The next day, the federal judge overseeing the civil trial directed a verdict against him, citing the testimony.
Under federal law, four recording companies can receive up to US$30,000 per infringement, with the possibility of expanding that to $150,000 per infringement, should the jury decide it was willful. At the low end, Tenenbaum -- who has
blogged and
tweeted about the charges and trial -- could well be liable for $1 million.
The decision was a no-brainer for the judge, said Raymond Van Dyke, a partner with Merchant & Gould.

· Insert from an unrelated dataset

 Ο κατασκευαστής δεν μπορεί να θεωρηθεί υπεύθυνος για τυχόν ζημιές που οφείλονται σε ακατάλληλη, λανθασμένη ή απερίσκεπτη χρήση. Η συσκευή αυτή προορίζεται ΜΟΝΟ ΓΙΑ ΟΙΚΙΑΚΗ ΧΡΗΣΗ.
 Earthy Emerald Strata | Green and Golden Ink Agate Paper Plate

"Although the extent of infringement appears low in this instance, the law still applies," he told the E-Commerce Times. "The Judge, viewing the personal admission of infringement of the copyright rights, was well within judicial discretion to direct judgment for plaintiffs, much to the chagrin of Mr. Tenenbaum's supporters."
Lawsuits as Deterrence
U.S. District Judge Nancy Gertner has directed the jury to decide whether the infringement was willful and to consider the amount of damages to be awarded to the recording labels.

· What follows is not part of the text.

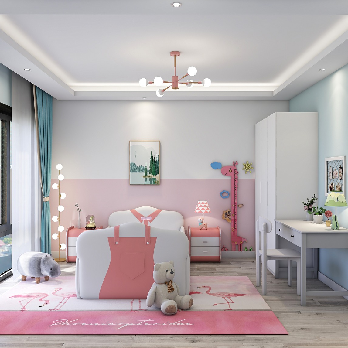 儿童房设计是整个房屋设计的一个部分,主要侧重于对孩子的性格、年龄、爱好等考虑而给出的合理的设计。整体的色调为粉色调,搭配粉色皮卡床、粉色吊灯、台灯、落地灯,营造一个温馨梦幻的公主房。

"No one expects to collect, of course, but then these prosecutions were never about the money," Randy M. Friedberg, a counselor at
White & Williams, told the E-Commerce Times.
The prosecutions Friedberg referenced consist of lawsuits the Recording Industry Association of America initiated several years ago accusing thousands of people of copyright infringement. Almost all of them were settled for relatively small payments from defendants who feared the legal costs and huge penalties they might incur if their cases should go to trial. At the end of last year, the RIAA shifted tactics, taking a different approach to stemming music file-sharing.

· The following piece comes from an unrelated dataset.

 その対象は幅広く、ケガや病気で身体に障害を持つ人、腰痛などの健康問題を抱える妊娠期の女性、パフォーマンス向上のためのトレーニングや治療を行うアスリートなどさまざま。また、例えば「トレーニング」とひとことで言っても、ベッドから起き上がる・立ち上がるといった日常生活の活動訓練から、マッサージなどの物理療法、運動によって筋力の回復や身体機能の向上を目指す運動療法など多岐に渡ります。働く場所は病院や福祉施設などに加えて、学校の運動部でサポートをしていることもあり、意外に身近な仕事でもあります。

Tenenbaum's case is one of the few that wasn't settled when the RIAA was actively pursuing legal action against individual file-sharers.
"There are three ways to defend cases like these," said Friedberg.
Basically, a defendant can challenge the copyright itself; claim someone else accessed the computer and committed the illegal act; or argue that trading music online is a legal right covered by consumer fair use provisions.
The fair use argument has been long discredited in court, Friedberg said. The first two defenses have only met with limited success -- which is why the odds were against Tenenbaum in the first place.
In the only other music file-sharing case to go to trial, Jammie Thomas-Rasset lost her argument that the music industry could not prove it was Thomas-Rasset who engaged in illegal song trading based solely on tracing the IP address identified as the source of the trading to her computer. She was
found liable in Capitol Records v. Thomas-Rasset earlier this year.
Two Wins
A single mother when the trial began, Thomas-Rasset became the standard-bearer for opponents of the RIAA's hardline strategy. With her defeat -- and now Tenenbaum's directed verdict -- the RIAA is leaving this particular battlefield as clear victor.
Still, it's unlikely to go back to the days of pursuing individual P2P file-traders -- a strategy decried even by advocates of copyright holders.
The RIAA did not respond to the E-Commerce Times' request for comments in time for publication.
"I doubt [the Tenenbaum case] will have any effect on the RIAA's policy on the whole, Doug Panzer, an attorney with
Caesar, Rivise, Bernstein, Cohen & Pokotilow, told the E-Commerce Times.
"This was a last vestige of their litigation policy, and they have clearly shown that they intend to abandon that approach," said Panzer.
"They most likely came to the conclusion that it's just too costly to pursue litigation. They also were losing the PR battle by suing their customers. Only the RIAA can say for sure, but I suspect they will try to take technological approaches, educational approaches and legislative approaches to the problem, and will stick by their decision to abandon the lawsuits," he speculated.
"The RIAA was going after people to simply make a point," commented Chris Collins, an attorney with Vanderpool, Frostick & Nishanian.